*Work request*. Your answer should give again, exactly, the lines from the beginning of the entries below through the line containing "Do you like". It must contain no pictures.

** Opening Available data block **

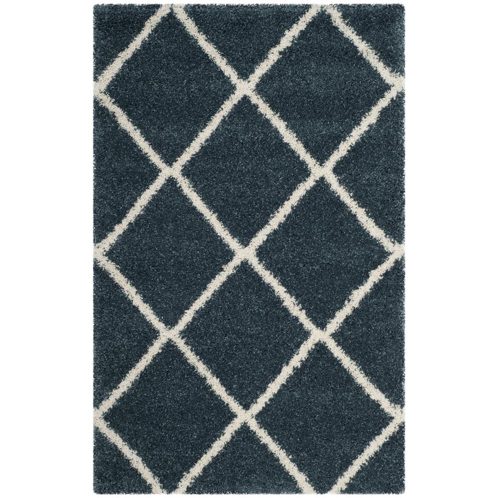 SAFAVIEH Hudson Shag Collection Accent Rug - 3' x 5', Slate Blue & Ivory, Trellis Design, Non-Shedding & Easy Care, 2-inch Thick Ideal for High Traffic Areas in Foyer, Living Room, Bedroom (SGH281L)
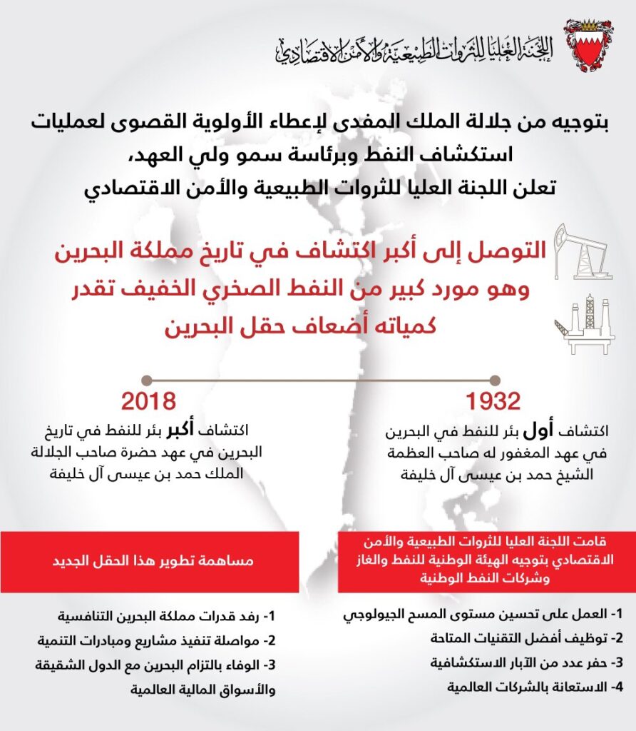 ويعتبر هذا الاكتشاف خلال العهد الزاهر لحضرة صاحب الجلالة الملك حمد بن عيسى آل خليفة عاهل البلاد المفدى حفظه الله ورعاه أول اكتشاف منذ عام 1932 عندما تم تدشين أول بئر للنفط في المملكة خلال عهد المغفور له صاحب العظمة الشيخ حمد بن عيسى آل خليفة ليسجل بذلك امتداداً لمسيرة الخير والبناء التي تميزت بتوظيف موارد النفط لصالح التنمية والتطوير بمملكة البحرين.
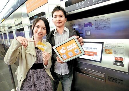 黃歆舟(右)常搭高鐵早鳥南下追求孫曼芸,勤快的奔波也打動美人芳心。黃歆舟開心秀出互換票平台設計的APP介面。(記者陳信翰/攝影)
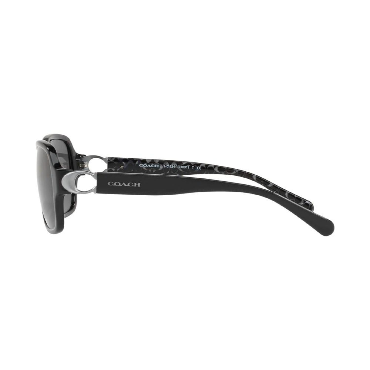 Coach Eyewear is a quality lifestyle accessory offering classic American design and functionality. The Coach Eyewear Collection consists of modern designs with trend-right frames and lens colors developed to match every face tone. Lenses are made from the highest-quality materials, provide 100% UV protection, and are optically correct and distortion free. A Coach signature grommet is at the end of each frame's temple tip. Each Coach sunglass style features a logo treatment based on one of four primary logo collections. Gender: FEMALE Frame Style: RECTANGLE Frame Fit: STANDARD Lens Material: POLYAMIDE Eye/Bridge/Temple: 57/17/140 Case or Microfiber pouch included
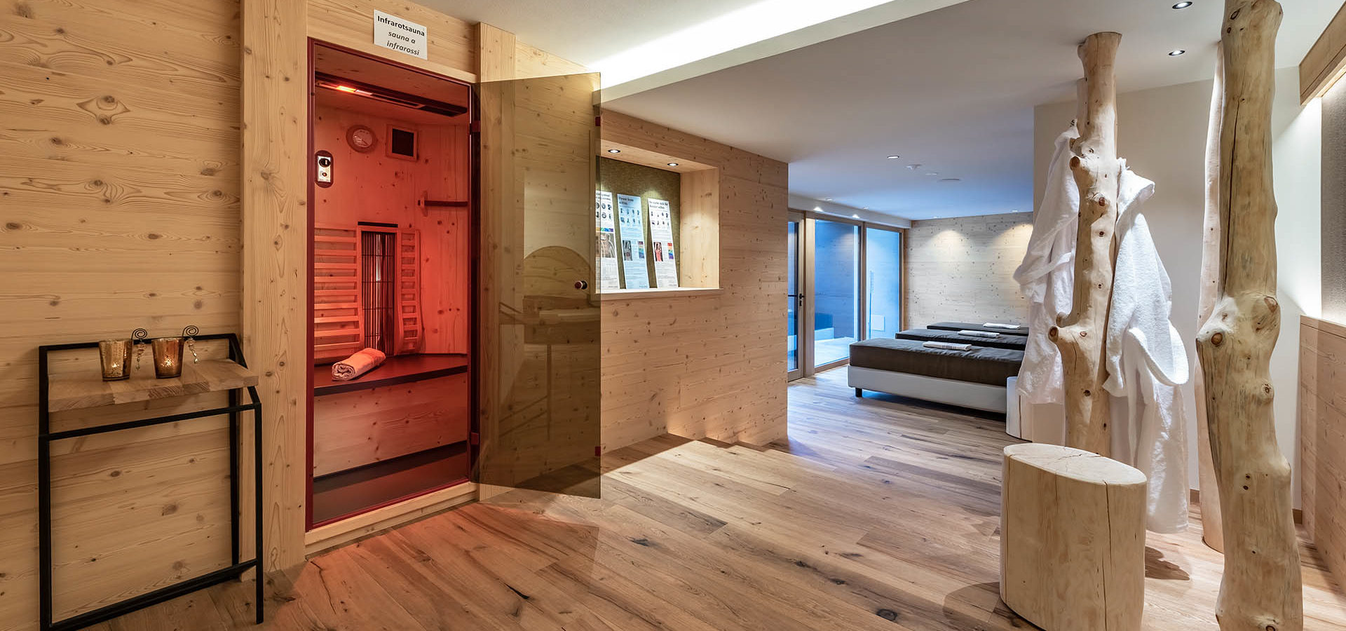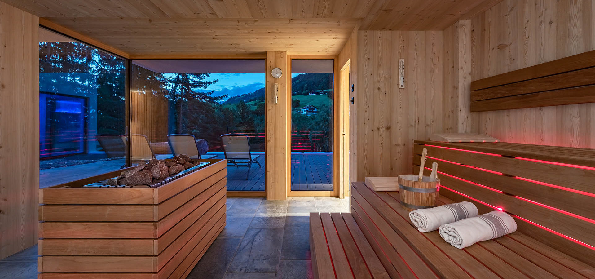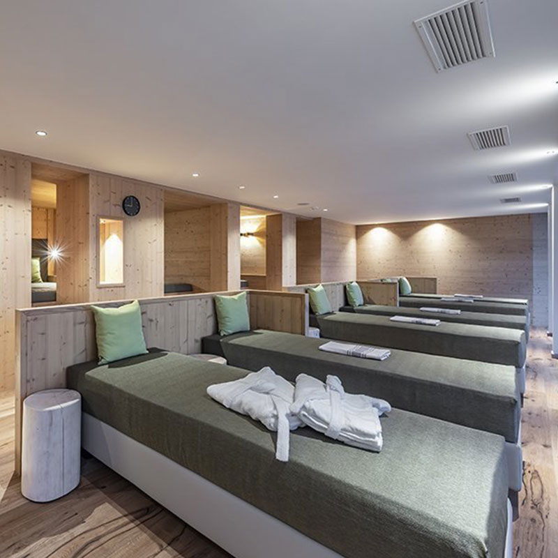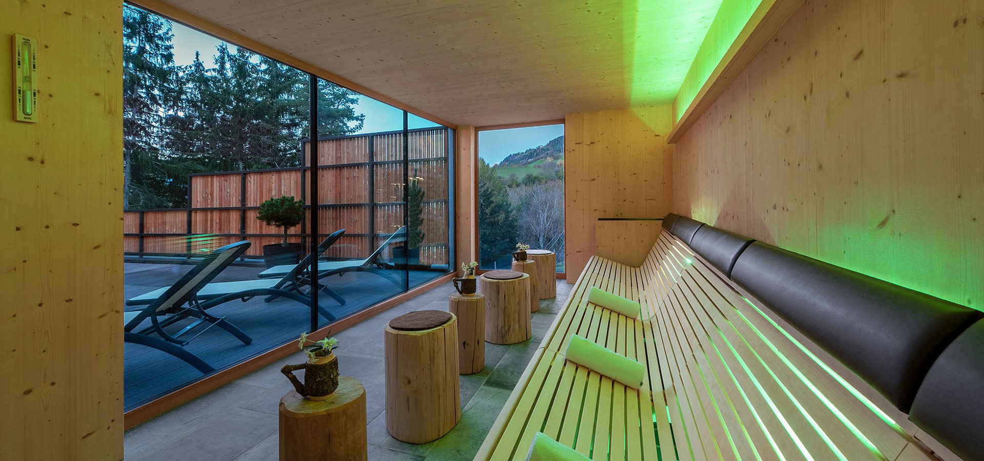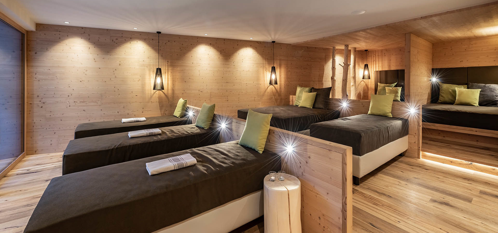 Do you like it hot? Take your time and visit our Finnish Panorama Sauna or our Bio Sauna. A more pleasant experience on a cold winter day is inconceivable. Extensive saunas dispel tension, give them new strength and bring body and mind back into harmony. Spend a whole sauna evening in your wellness holiday in South Tyrol. You can also explore our Turkish steam bath, the infrared sauna and our dress family sauna. Our cold nebula shower will then provide you with refreshing cooling. Afterwards, our cozy and spacious relaxation rooms with discreet wellness music and beautiful views await you.
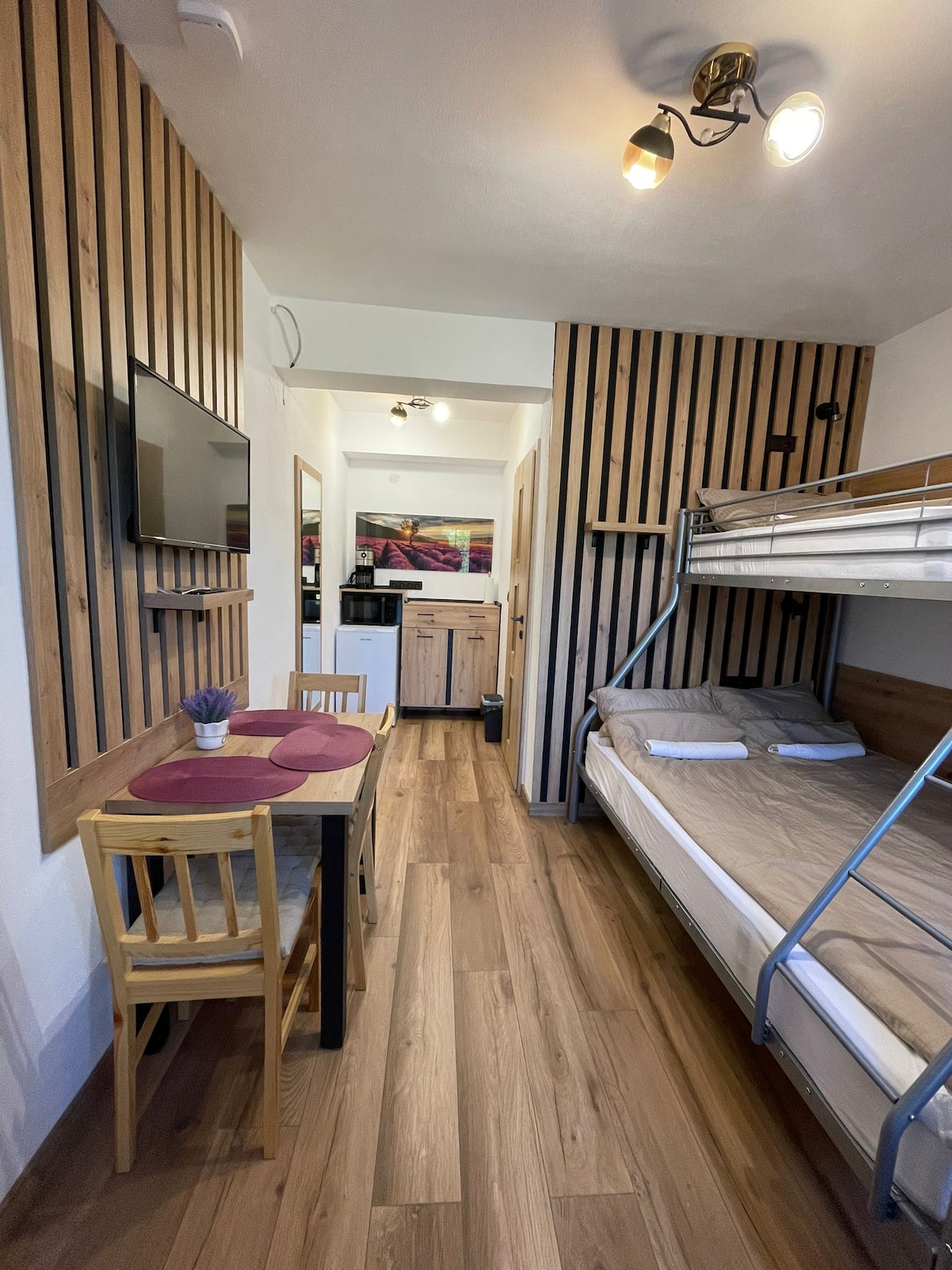 Welcome to our intimate cabin, nestled in the Apuseni Mountains. Step outside and you’ll find a birch forest and a small fishing pond that form the perfect setting for reconnecting with nature and each other. Inside, Tiny Nook continues its natural charm. Wood is the soul of the cabin, present in every detail. The wood-burning stove makes the cabin a perfect hideaway in any season, while the modern amenities ensure you enjoy all the comfort of a modern stay.

** Closing Available data block **

*Result*.
 SAFAVIEH Hudson Shag Collection Accent Rug - 3' x 5', Slate Blue & Ivory, Trellis Design, Non-Shedding & Easy Care, 2-inch Thick Ideal for High Traffic Areas in Foyer, Living Room, Bedroom (SGH281L)
 ويعتبر هذا الاكتشاف خلال العهد الزاهر لحضرة صاحب الجلالة الملك حمد بن عيسى آل خليفة عاهل البلاد المفدى حفظه الله ورعاه أول اكتشاف منذ عام 1932 عندما تم تدشين أول بئر للنفط في المملكة خلال عهد المغفور له صاحب العظمة الشيخ حمد بن عيسى آل خليفة ليسجل بذلك امتداداً لمسيرة الخير والبناء التي تميزت بتوظيف موارد النفط لصالح التنمية والتطوير بمملكة البحرين.
 黃歆舟(右)常搭高鐵早鳥南下追求孫曼芸,勤快的奔波也打動美人芳心。黃歆舟開心秀出互換票平台設計的APP介面。(記者陳信翰/攝影)
 Coach Eyewear is a quality lifestyle accessory offering classic American design and functionality. The Coach Eyewear Collection consists of modern designs with trend-right frames and lens colors developed to match every face tone. Lenses are made from the highest-quality materials, provide 100% UV protection, and are optically correct and distortion free. A Coach signature grommet is at the end of each frame's temple tip. Each Coach sunglass style features a logo treatment based on one of four primary logo collections. Gender: FEMALE Frame Style: RECTANGLE Frame Fit: STANDARD Lens Material: POLYAMIDE Eye/Bridge/Temple: 57/17/140 Case or Microfiber pouch included
 Do you like it hot? Take your time and visit our Finnish Panorama Sauna or our Bio Sauna. A more pleasant experience on a cold winter day is inconceivable. Extensive saunas dispel tension, give them new strength and bring body and mind back into harmony. Spend a whole sauna evening in your wellness holiday in South Tyrol. You can also explore our Turkish steam bath, the infrared sauna and our dress family sauna. Our cold nebula shower will then provide you with refreshing cooling. Afterwards, our cozy and spacious relaxation rooms with discreet wellness music and beautiful views await you.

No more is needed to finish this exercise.